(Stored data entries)

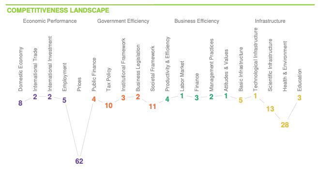 全球競爭力報(bào)告報(bào)告覆蓋了全球67個(gè)經(jīng)濟(jì)體,并對這些國家在經(jīng)濟(jì)表現(xiàn)、政府效率、商業(yè)活力和基礎(chǔ)設(shè)施建設(shè)等四大領(lǐng)域的表現(xiàn)進(jìn)行了全面的評估,包含了164項(xiàng)競爭力指標(biāo)。
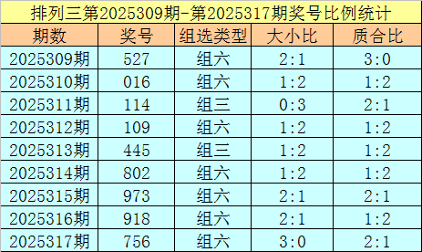 上期回顾:排列三第2025317奖号开出756,奖号质合比为2:1,大小比为3:0,跨度为2,类型为组六。
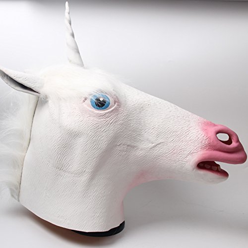 -. Brand : Signstek -. Color : White -. Department : unisex -. EAN : 6922302501198 -. Feature : Made from 100% natural imported latex, environmental and non-toxic. / About 400±10g weight, 58CM girth, large enough to fit adults and kids. / Designed with big eyes, mouth, teeth and nostrils, more vivid and scary. / How do you see? Through the mask's mouth and nose's hole. / Great for Masquerade Parties,Costume Parties, Carnival, Christmas, Easter,Halloween or any other parties. -. MPN : Signstek -. PackageQuantity : 1 -. PartNumber : Signstek -. ProductGroup : Apparel -. ProductTypeName : CHILDRENS_COSTUME -. Size : Medium -. Title : Signstek Horror Magical Unicorn Head Mask Scary Halloween Cosplay Party Costume
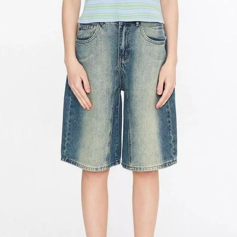 Y2K Vintage Gradient High Waist Baggy Denim Shorts
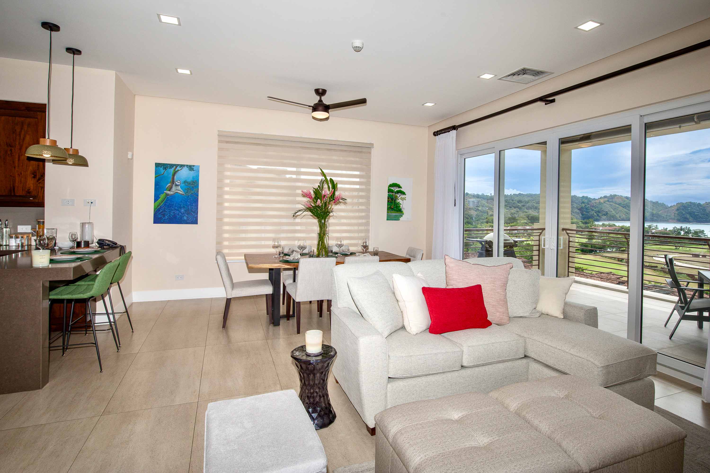 Experience luxury living at its finest with this exclusive Miramar condominium located on the top floor of the highly sought-after Miramar community in Los Sueños. Boasting arguably the best views in the entire resort, this completely renovated 3-bedroom condo offers a panoramic spectacle of the Pacific Ocean, Marina, and the entire resort. Don't miss the chance to inquire about this special property and indulge in the breathtaking vistas that redefine coastal living. This beautifully appointed residence is turnkey, featuring contemporary finishes that elevate its urban contemporary charm while maintaining a warm tropical ambiance. With an open concept floor plan spanning 1,700 square feet, each of the three bedrooms and bathrooms provides a seamless blend of style and comfort. The large terrace and exterior private storage area add to the allure, creating a perfect balance between indoor and outdoor living. Positioned on the exclusive hillside of Vista Los Sueños, Miramar grants you expansive views of the golf course, resort, and the mesmerizing Pacific Ocean.

▶ **Goal of the exercise**:
Beginning with the line above that contains "上期回顾:排列三第20253" and finishing with the line that contains "Y2K Vintage Gradient", print those lines exactly and only. Skip all pictures.

▶ **Written answer**:
 上期回顾:排列三第2025317奖号开出756,奖号质合比为2:1,大小比为3:0,跨度为2,类型为组六。
 -. Brand : Signstek -. Color : White -. Department : unisex -. EAN : 6922302501198 -. Feature : Made from 100% natural imported latex, environmental and non-toxic. / About 400±10g weight, 58CM girth, large enough to fit adults and kids. / Designed with big eyes, mouth, teeth and nostrils, more vivid and scary. / How do you see? Through the mask's mouth and nose's hole. / Great for Masquerade Parties,Costume Parties, Carnival, Christmas, Easter,Halloween or any other parties. -. MPN : Signstek -. PackageQuantity : 1 -. PartNumber : Signstek -. ProductGroup : Apparel -. ProductTypeName : CHILDRENS_COSTUME -. Size : Medium -. Title : Signstek Horror Magical Unicorn Head Mask Scary Halloween Cosplay Party Costume
 Y2K Vintage Gradient High Waist Baggy Denim Shorts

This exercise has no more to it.